Contact Center 2.0 is ING’s global, omni-channel platform for customer communication. The platform is at the core of all communications between ING employees and its customers. As with any other mission critical system , CC 2.0 is designed and developed to be highly available and resilient. In this blog post we shall look at some patterns that engineers in the CC 2.0 family apply to achieve high availability and resiliency.

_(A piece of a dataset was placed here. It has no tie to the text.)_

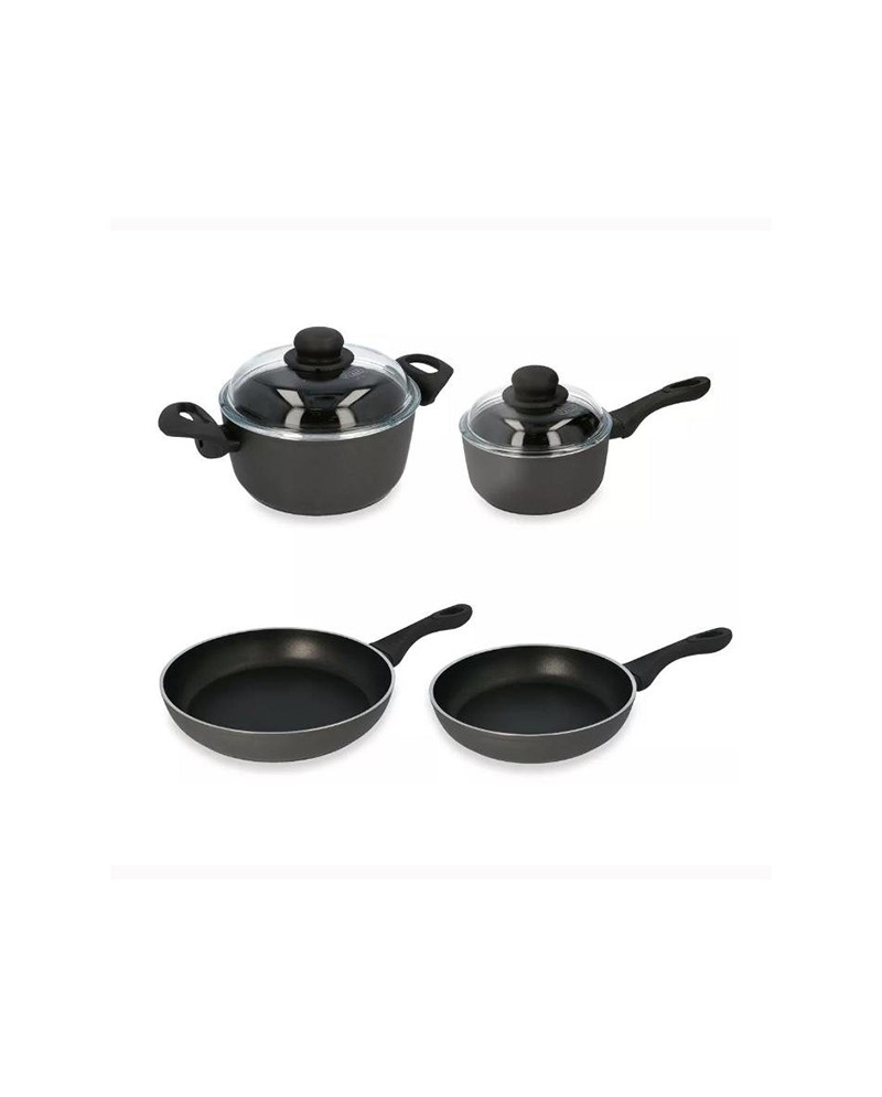 Il set comprende: 1 casseruola a un manico diametro 16 cm, 1 casseruola a due manici 20 cm, 1 padella 24 cm, 1 padella 28 cm, 1 coperchio in vetro da 16 cm e 1 coperchio in vetro da 20 cm.

Before we go into details, let’s understand the CC 2.0 platform’s business goals and look at a high level design.

Business goals for CC 2.0 Platform -

“ Offer one shared platform for all ING countries that facilitate communication between ING customers and ING employees via any channel.”

CC 2.0 and Twilio

CC 2.0 uses Twilio to achieve the one shared platform goal. The reasons for choosing Twilio are -

ING pays Twilio based on usage; there are no fixed charges for licences or maintenance.
ING can develop quickly with Twilio. With its APIs and SDKs, Twilio is a perfect fit in the ING architecture.
Practically every customer journey can be realised with Twilio because of its flexible setup with building blocks and easy integration.

CC 2.0 High level design

The following diagram shows an overview of the functional capabilities of the Contact Center 2.0 platform. The capabilities are divided into 4 layers: touchpoints, communication channels, orchestration & routing and utilities.

All communication channels and routing functionalities are backed by one (or more) APIs that combine together with other ING APIs and Twilio to deliver a complete customer journey. CC2.0 backend APIs are critical to the working of this digital contact center. All APIs are designed and built with the principles of “security, availability, resilience, and observability.”

CC 2.0 in Numbers

The contact center 2.0 platform is currently used in more than 10 different countries for Chat, Voice, Email and Video based solutions. Here are some interesting statistics in terms of the platform usage and the load it handles.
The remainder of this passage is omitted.